[WHAT YOU NEED TO DO]
Without any pictures, retype exactly the lines from the one with "- Tui chỉ vẽ" through the final line of the records.

Data entries:
◇ ◇ ◇

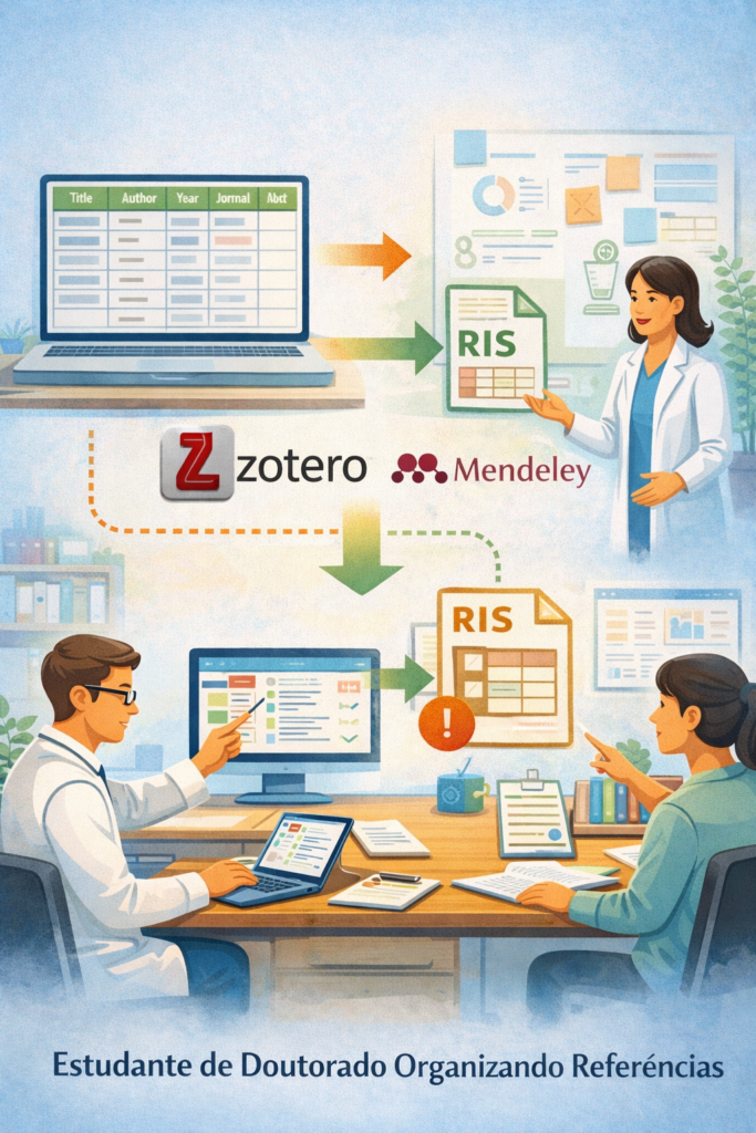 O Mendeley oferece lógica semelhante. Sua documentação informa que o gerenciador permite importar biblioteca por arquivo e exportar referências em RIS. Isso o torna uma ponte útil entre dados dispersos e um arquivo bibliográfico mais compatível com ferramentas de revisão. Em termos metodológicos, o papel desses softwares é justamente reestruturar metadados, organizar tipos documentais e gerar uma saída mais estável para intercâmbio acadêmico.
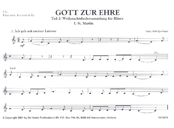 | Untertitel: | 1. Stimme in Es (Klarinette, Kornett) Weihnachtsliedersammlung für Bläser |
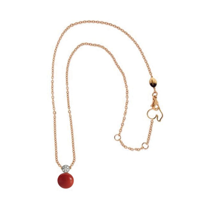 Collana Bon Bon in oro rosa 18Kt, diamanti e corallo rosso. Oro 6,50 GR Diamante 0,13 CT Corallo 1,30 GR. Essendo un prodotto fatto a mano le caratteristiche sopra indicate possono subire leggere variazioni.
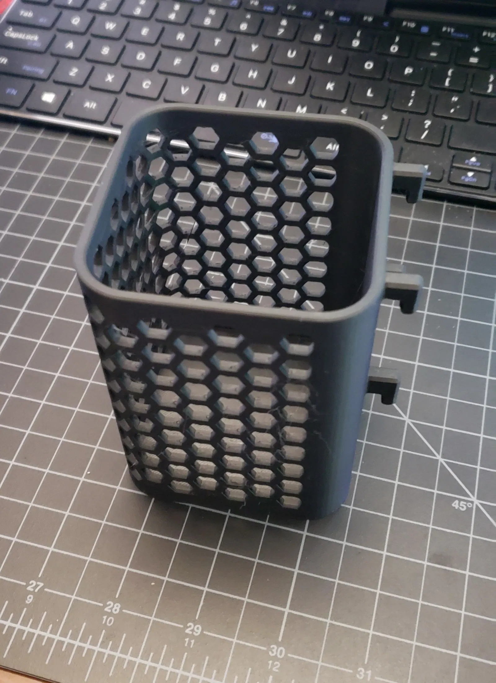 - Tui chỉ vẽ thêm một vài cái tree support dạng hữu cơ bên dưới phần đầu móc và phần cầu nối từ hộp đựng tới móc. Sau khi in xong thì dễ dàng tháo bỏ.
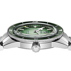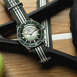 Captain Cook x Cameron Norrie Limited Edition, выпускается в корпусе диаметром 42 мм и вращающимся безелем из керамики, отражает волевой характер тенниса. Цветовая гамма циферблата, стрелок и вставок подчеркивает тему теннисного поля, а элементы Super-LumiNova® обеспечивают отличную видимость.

◇ ◇ ◇

[SOLUTION TO THIS PROBLEM]
 - Tui chỉ vẽ thêm một vài cái tree support dạng hữu cơ bên dưới phần đầu móc và phần cầu nối từ hộp đựng tới móc. Sau khi in xong thì dễ dàng tháo bỏ.
 Captain Cook x Cameron Norrie Limited Edition, выпускается в корпусе диаметром 42 мм и вращающимся безелем из керамики, отражает волевой характер тенниса. Цветовая гамма циферблата, стрелок и вставок подчеркивает тему теннисного поля, а элементы Super-LumiNova® обеспечивают отличную видимость.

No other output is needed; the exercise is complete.